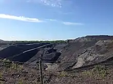 The mine began operations in 1996 and coal is extracted using truck and shovel mining. Coal mining has taken place in this area of Pictou County for more than 400 years, and until the Donkin Mine reopened in 2017,[1] the pit was the only operating coal mine in Nova Scotia.[2] Underground mining previously took place in the area where the Stellarton pit is located[3] and occasionally remnants of the abandoned tunnels from underground mining can be seen on the pit walls.[2] Once coal has been extracted, the surface is restored through reclamation.
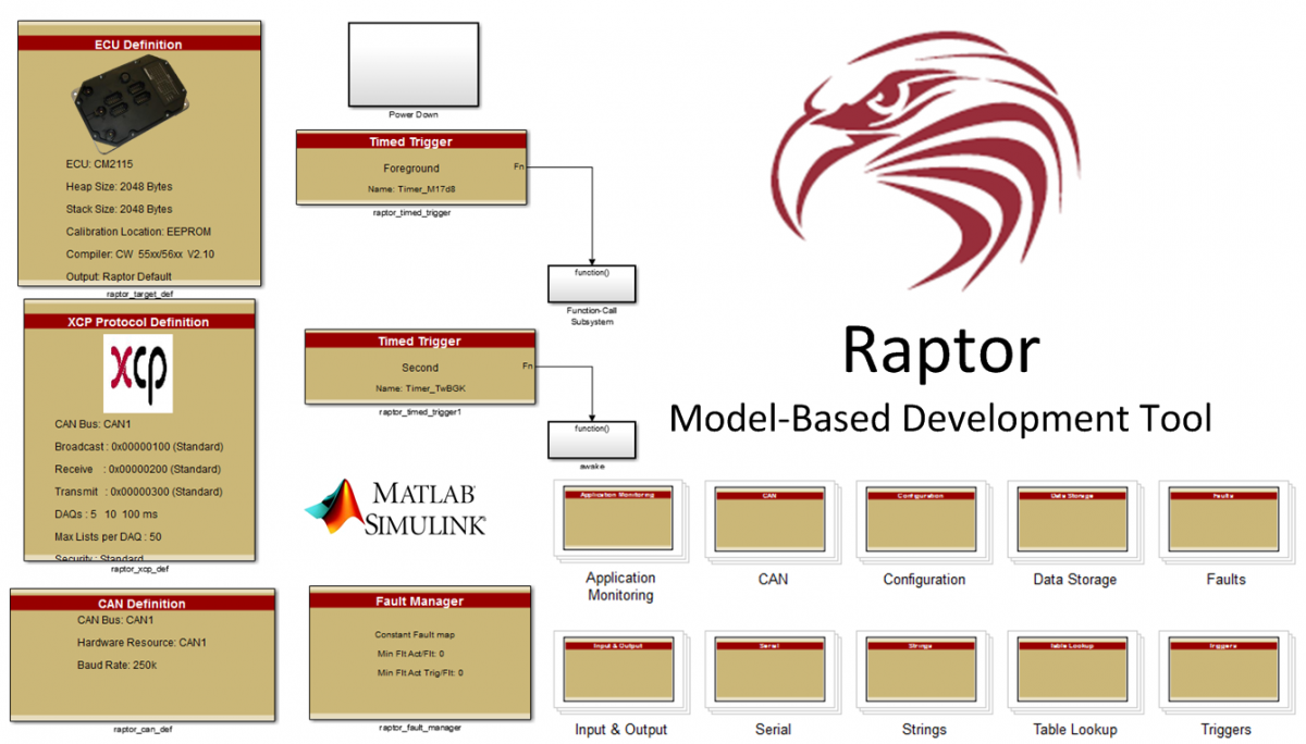 Raptor是針對Simulink使用者設計的ECU控制開發套件,其完全相容於Simulink開發環境中。透過Raptor-Dev,使用者能夠很輕易的操作並控制所有與Raptor相容的ECU硬體模組,實現包含I/O及通訊控制、OBD、中斷觸發等等各種底層的硬體操作與控制行為,讓使用者能更專注在Simulink控制邏輯與策略的開發工作上。
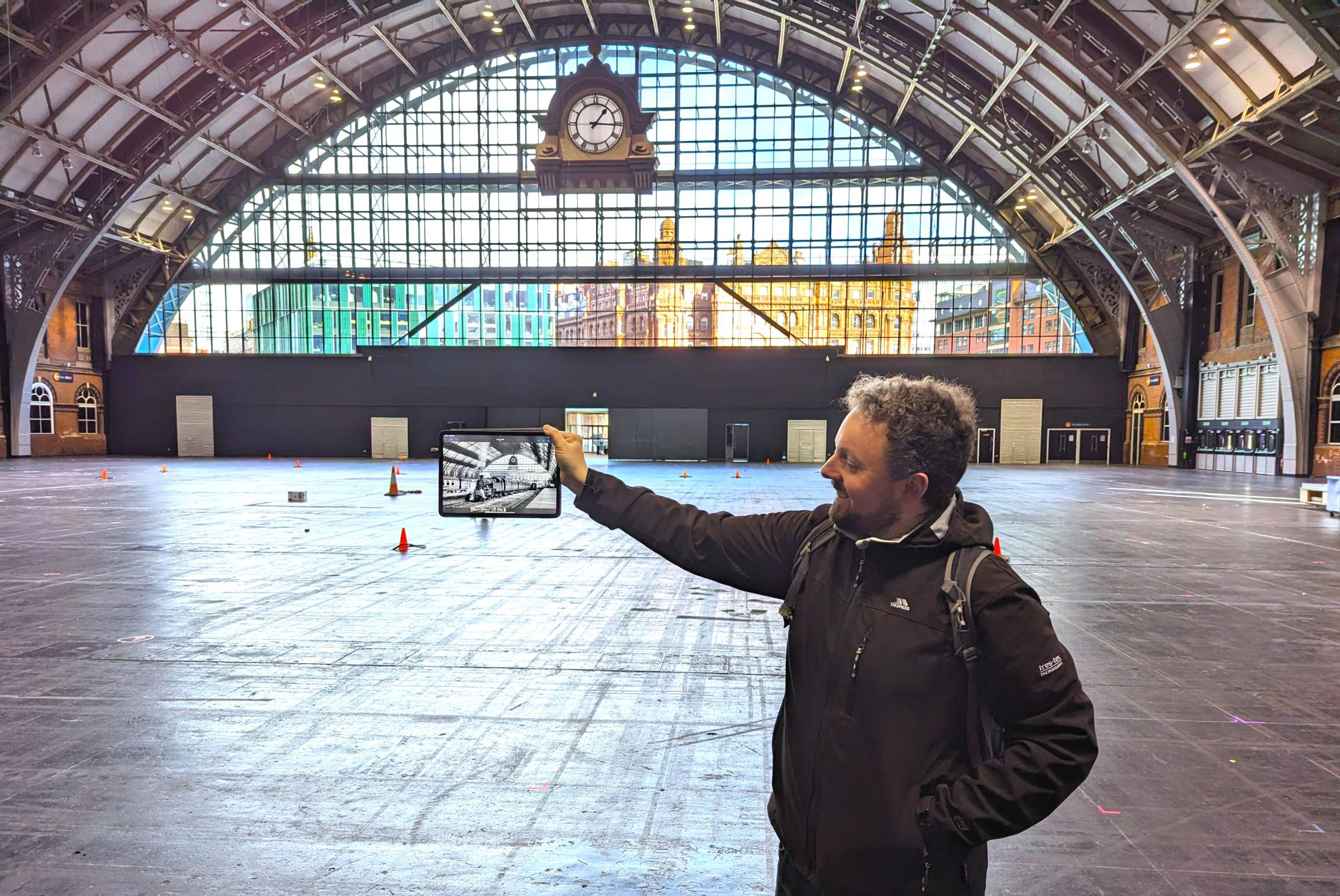 The former buffer stops end of Central station; the clock seems to be the same one shown in the image Adam is holding.

**Exercise requirements**
Would you repeat the material exactly, keeping out any pictures?

**Solved problem**
 The mine began operations in 1996 and coal is extracted using truck and shovel mining. Coal mining has taken place in this area of Pictou County for more than 400 years, and until the Donkin Mine reopened in 2017,[1] the pit was the only operating coal mine in Nova Scotia.[2] Underground mining previously took place in the area where the Stellarton pit is located[3] and occasionally remnants of the abandoned tunnels from underground mining can be seen on the pit walls.[2] Once coal has been extracted, the surface is restored through reclamation.
 Raptor是針對Simulink使用者設計的ECU控制開發套件,其完全相容於Simulink開發環境中。透過Raptor-Dev,使用者能夠很輕易的操作並控制所有與Raptor相容的ECU硬體模組,實現包含I/O及通訊控制、OBD、中斷觸發等等各種底層的硬體操作與控制行為,讓使用者能更專注在Simulink控制邏輯與策略的開發工作上。
 The former buffer stops end of Central station; the clock seems to be the same one shown in the image Adam is holding.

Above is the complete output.